SS: Walrus was my first picture book as illustrator and author. I like that my first go-round was “pictures only.” Since Walrus, I’ve written 4 books with text. Both word and wordless formats have their challenges.
Q: Is there a soundtrack that you hear for Where’s Walrus?
SS: Visual art is never an auditory experience for me….
Q: I have seen your fantastic color scripts that you do for books and it made me wonder about setting. Where’s Walrus? seems set in NYC. Did you create a map to lead Walrus and the keeper through the city or is it more favorite spots you wanted Walrus to appear, regardless of proximity to each other?
SS: I’ve lived in NYC for 25 years, so many of my books feel they’re set here.
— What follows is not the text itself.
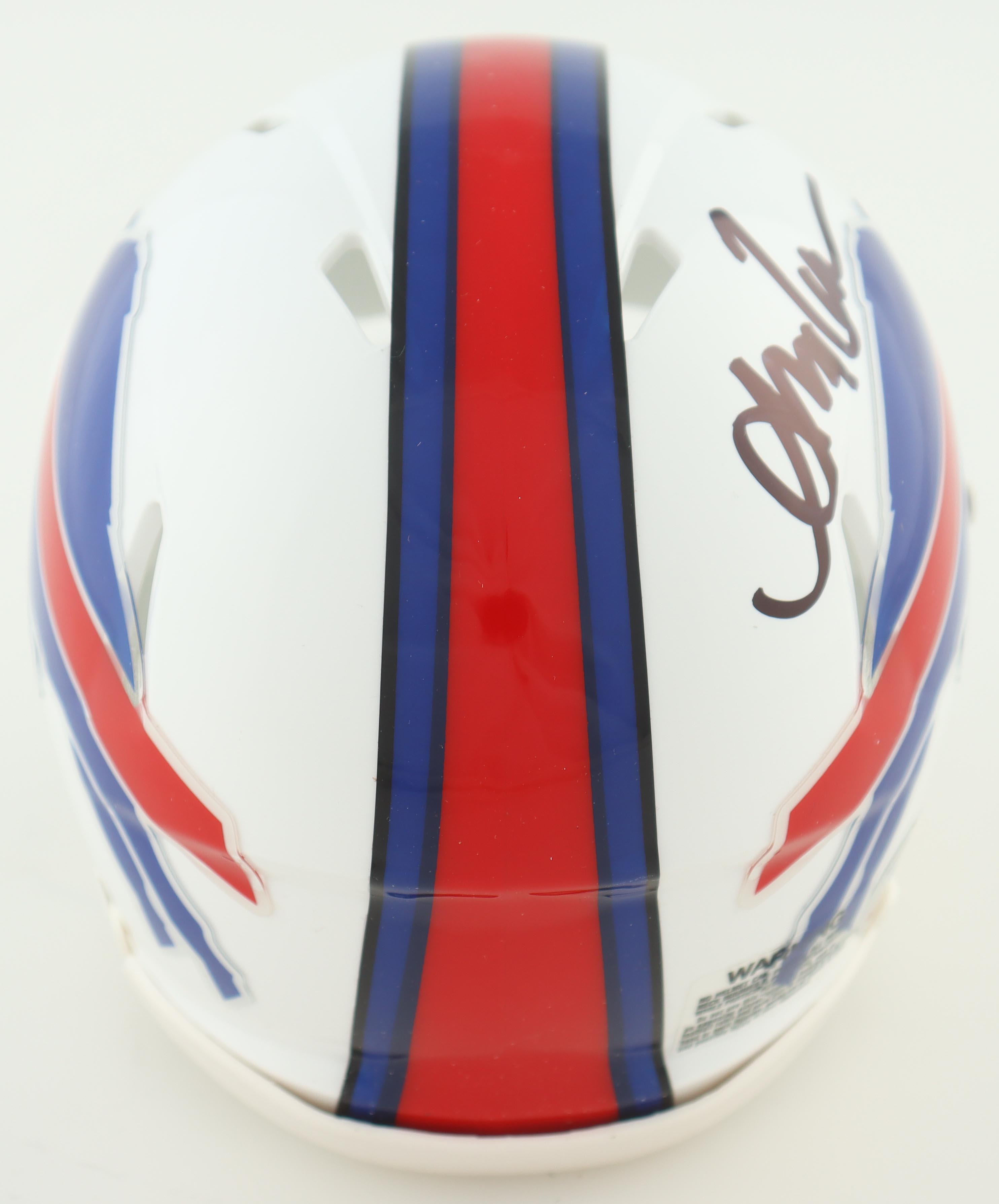 Riddell Buffalo Bills speed mini helmet. Has been hand-signed by Andre Reed (HOF).

But I keep things vague and avoid specific landmarks (e.g. the Statue of Liberty) in an effort to create a universal and timeless “every-city” for the reader.
Yeah… I simply chose fun locations/situations for walrus without any regard to geography. The ordering of the scenes was key. Locations needed to transition in funny and interesting ways.
Q: Do you consider wordless picture books a better solitary experience or more exciting as a read-aloud?
SS: It works great either way.
Q: Have you ever shared Where’s Walrus? in a storytime? Do you have tips for how it or any other wordless picture books could be read aloud?
SS: Yes, l’ve read Where’s Walrus? hundreds of times with groups large and small and they’re always fun. The wordless format frees things up for both the storyteller and the audience.
Readings run the gamut. Sometimes they’re campfire sing-a-longs, football pep rallies, or improv comedy routines.
Q: Do you have any favorite picture books?
SS: I like the classics! Babar, Harold and the Purple Crayon, and the “little” books by Lois Lenski are my faves.
Q: And lastly, because you never really read a picture book alone and I adore brainstorming book groupings, do you have any books that you consider to pair well with Where’s Walrus?, wordless or not?
SS: We just released a Where’s Walrus? sequel: Where’s Walrus? And Penguin? As they say in the movies: “the adventure continues!”
Thanks to Stephen Savage for answering my questions and creating such a fun, yet surprisingly deep story. I hope you check it out friends, and also the sequel. We can’t wait to see what adventures Walrus greets with his new companion, Penguin.